Michael Augustine

Personal information
- Full name: Michael Augustine
- Date of birth: December 9, 1992 (age 32)
- Place of birth: Kano, Nigeria
- Height: 5 ft 10 in (1.78 m)
- Position(s): Midfielder

Youth career
- 2005–2008: Abuja

Senior career*
- Years: Team / Apps / (Gls)
- 2008–2011: Abuja / - / (18)
- 2011: New England Revolution / 0 / (0)

= Michael Augustine (footballer) =

Nigerian footballer (born 1992)

Michael Augustine (born December 9, 1992, in Kano) is a Nigerian footballer who last played for the New England Revolution of Major League Soccer.

==Club career==
Augustine began his career with Abuja and was promoted to the club's first team in 2008. While with Abuja he scored 18 goals for the club and helped the squad gain promotion to the Nigerian Premier League in 2009.

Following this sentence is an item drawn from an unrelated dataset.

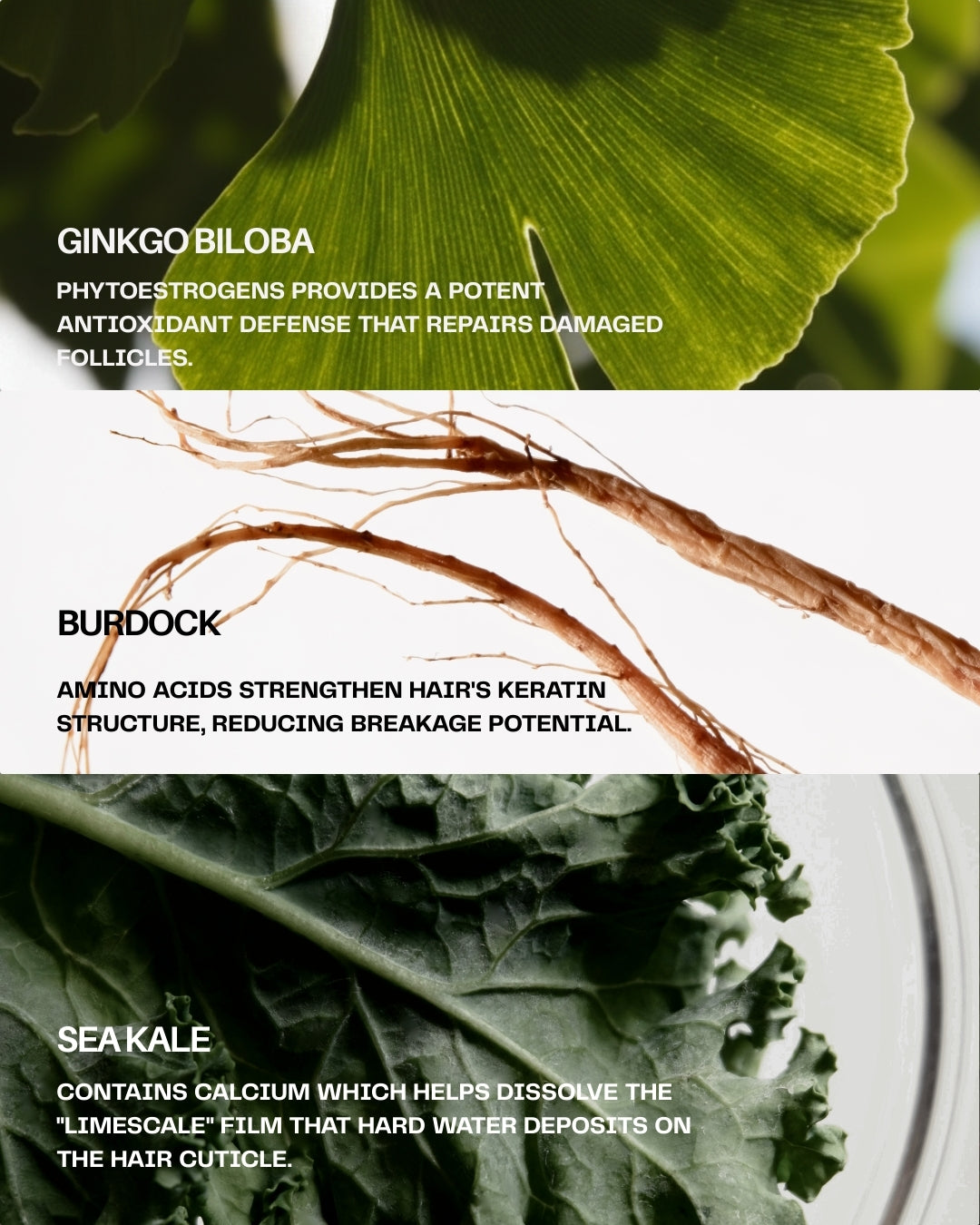 Powered by revitalizing Ginkgo Biloba, fortifying Burdock Root, marine-sourced Sea Kale, and ultra-nourishing Argan Oil, this creamy, lightweight conditioner deeply nourishes, softens, and restores shine, without buildup. It smooths frizz, strengthens weak strands, and enhances softness for hair that feels instantly more manageable, resilient, and radiant.

On March 4, 2011, the New England Revolution signed Augustine from Nigerian club Abuja. He made his debut for his new team on April 26, 2011, in the Revs' 3–2 win over D.C. United in the Lamar Hunt US Open Cup, and played in several 2011 MLS Reserve Division games, before being waived by New England on June 8, 2011, having never made an MLS appearance.